Все посмотрели на нее, и она вдруг увидела себя в каждом из членов своей семьи. До нее дошло, что Штумпфы из «Гнездовья кондора» не были ни мексиканцами, ни немцами. Они были калифорнийцами, и история этого уголка земли стала и их историей тоже.
Дитер обратился к ней и сказал:
– А твое имя теперь будет Линда.
Она перестала болтать ногами и ответила:
– Линда? Какая еще Линда?
Мать ответила:
– Вот такая.
– Но это же глупо! Я Зиглинда! Ничего себе – просто так взять и поменять мне имя!
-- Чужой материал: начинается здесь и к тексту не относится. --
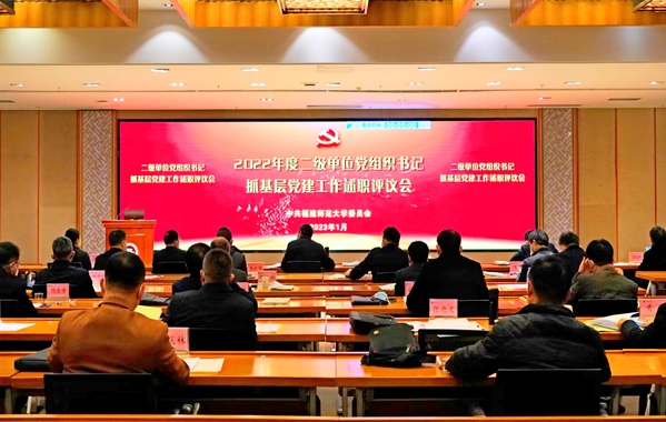 校党委书记潘玉腾对述职情况逐一进行点评并作讲话,他充分肯定2022年基层党建工作取得的成绩,也指出存在的问题,并就进一步加强学校党建工作、引领推动事业发展提出三点意见:一要提高政治站位,深入学习贯彻党的二十大精神,善于运用政治观点和政治眼光看待本职工作,切实履行好领导责任和政治责任;二要坚持党管发展,科学把握抓党建和促发展、聚人才和树品牌的关系,提升党建品牌的功能、内涵和价值;三要夯实党建基础,狠抓薄弱环节,推动责任层层传递、压力层层传导、任务层层落实,推进基层党建工作全面提升全面创优。
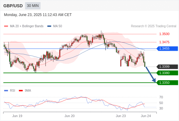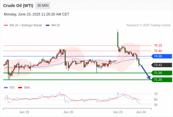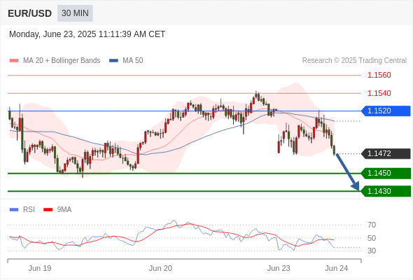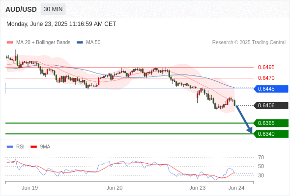 交易分析-6月23日(美盘前) 温馨提示:由于市场波动,价格可能已经越过关键点位,令策略失效。 欧元/美元 当日内: 短期调整。 转折点: 1.1520 交易策略: 在 1.1520 之下,看跌,目标价位为 1.1450 ,然后为 1.1430 。 备选策略: 在 1.1520 上,看涨,目标价位定在 1.1540 ,然后为 1.1560。 技术点评: 只要依旧存在1.1520阻力位,价格波动存在看跌的趋势。 美国原油 (WTI) 期货 (Q5) 当日内: 存在压力。 转折点: 74.65 交易策略: 在 74.65 之下,看跌,目标价位为 72.30 ,然后为 71.35 。 备选策略: 在 74.65 上,看涨,目标价位定在 75.40 ,然后为 76.15。 技术点评: 只要依旧存在74.65阻力位,价格波动存在看跌的趋势。 美元/日元 当日内: 进一步上涨。 转折点: 146.90 交易策略: 在 146.90 之上,看涨,目标价位为 148.20 ,然后为 148.70 。 备选策略: 在 146.90 下,看空,目标价位定在 146.40 ,然后为 145.90。 技术点评: 其即时趋势维持向上,有较强的动能。 黄金现货 当日内: 存在压力。 转折点: 3374.00 交易策略: 在 3374.00 之下,看跌,目标价位为 3340.00 ,然后为 3330.00 。 备选策略: 在 3374.00 上,看涨,目标价位定在 3388.00 ,然后为 3400.00。 技术点评: 只要依旧存在3374.00阻力位,价格波动存在看跌的趋势。 英镑/美元 当日内: 存在压力。 转折点: 1.3455 交易策略: 在 1.3455 之下,看跌,目标价位为 1.3380 ,然后为 1.3350 。 备选策略: 在 1.3455 上,看涨,目标价位定在 1.3475 ,然后为 1.3500。 技术点评: 只要1.3455阻力位不被突破,向下跌破1.3380位置的风险很高。 美元/加元 当日内: 进一步上涨。 转折点: 1.3735 交易策略: 在 1.3735 之上,看涨,目标价位为 1.3800 ,然后为 1.3825 。 备选策略: 在 1.3735 下,看空,目标价位定在 1.3720 ,然后为 1.3690。 技术点评: RSI技术指标看涨,有进一步上升空间。 澳元/美元 当日内: 存在压力。 转折点: 0.6445 交易策略: 在 0.6445 之下,看跌,目标价位为 0.6365 ,然后为 0.6340 。 备选策略: 在 0.6445 上,看涨,目标价位定在 0.6470 ,然后为 0.6495。 技术点评: 跌破0.6445,为空头信号,向下的目标将会是0.6365。 美国道琼斯指数期货 (U5) 当日内: 超短线(当日内)支撑位在42320.00附近。 转折点: 42320.00 交易策略: 在 42320.00 之上,看涨,目标价位为 42720.00 ,然后为 42830.00 。 备选策略: 在 42320.00 下,看空,目标价位定在 42205.00 ,然后为 42100.00。 技术点评: RSI技术指标运行趋势复杂,倾向于上升。 苹果 当日内 : 看涨,当 198.30 为支撑位。 转折点为: 198.30 交易策略: : 替代方案: 在198.30以下,期待196.39和195.26。 技术点评: RSI技术指标大于中性区域50。 MACD技术指标处在其信号线之上看多。 配置为正。 此外,价位高于其20天及50天移动平均线 ( 分别位于197.95 和197.47 )。 Admin|0 条评论 Share This Story, Choose Your Platform! FacebookXRedditLinkedInTumblrPinterestVk电邮 相关文章

Она помолчала немного и спросила:
– Разве так можно?
Линда сидела не шевелясь. Все смотрели прямо на нее, и она почувствовала, как под ней что-то шевелится – скамейка, что ли? Постепенно она начинала понимать, что этот поздний летний вечер, когда над обрывом летают бабочки, а в океанской воде качается ее буек, когда меняется ее имя, меняет что-то в ее жизни. Солнце било через щель чуть приоткрытой двери. Под этим ярким светом там, за дверью, ее ждало что-то новое. И вдруг, не сообразив даже, что она делает, бывшая Зиглинда Штумпф, а теперь Линда Стемп, девочка одиннадцати лет от роду, которая чудом пережила и скарлатину, и удар копытом, который она получила от испугавшейся лошади, и укол молодого ската, встала из-за стола, кинулась во двор, где чистили перышки курицы-бентамки и почесывался лошак, и понеслась вдоль старого русла к берегу, восклицая про себя: «Линда Стемп! Линда Стемп! Что еще за Линда Стемп?»
2
Нe успели войска кайзера прокатиться лавиной по холмам Бельгии под лавандово-синим небом лета четырнадцатого года, как Дитер Штумпф, который теперь говорил всем, что его зовут Дэвид Стемп, сложил в мешок холщовые штаны, свитер из плотной шерсти, шапку-ушанку, винтовку и пару плоскогубцев. «Ухожу на войну», – сказал он. Казалось, что пожилому фермеру, всю жизнь растившему лук, такое не по плечу: борода совсем поседела, лицо избороздили морщины, костяшки пальцев распухли, как суставы на ногах барана. Он был готов идти, но тяжелый рюкзак гнул его спину, а винтовка в руке казалась неправдоподобно большой. «Думаешь, и тебе тоже надо?» – спросила Линда. Отец только помахал рукой на прощание и пошел по гребню холма, со своей тяжелой ношей на плечах, высвистывая мотив песни «Она родилась в океане, погибла в пучине морской…». Шарлотта Мосс, которую Линда без всяких размышлений считала своей лучшей подругой, пришла, чтобы своими глазами увидеть проводы, и, как всегда, торопливо описывала это событие в своем маленьком блокноте. «По-твоему, куда он отправился?» – спросила Шарлотта, дочь охотника за тюленями, голову которой венчала шапка пушистых волос. Когда через час Дитер вернулся, потому что забыл свою счастливую киянку, она задала этот же вопрос ему. Он ответил: «На фронт, к мальчикам. Я вернусь, не волнуйся». Он попрощался, повесил киянку на пояс, опять ушел, и больше никто его не видел.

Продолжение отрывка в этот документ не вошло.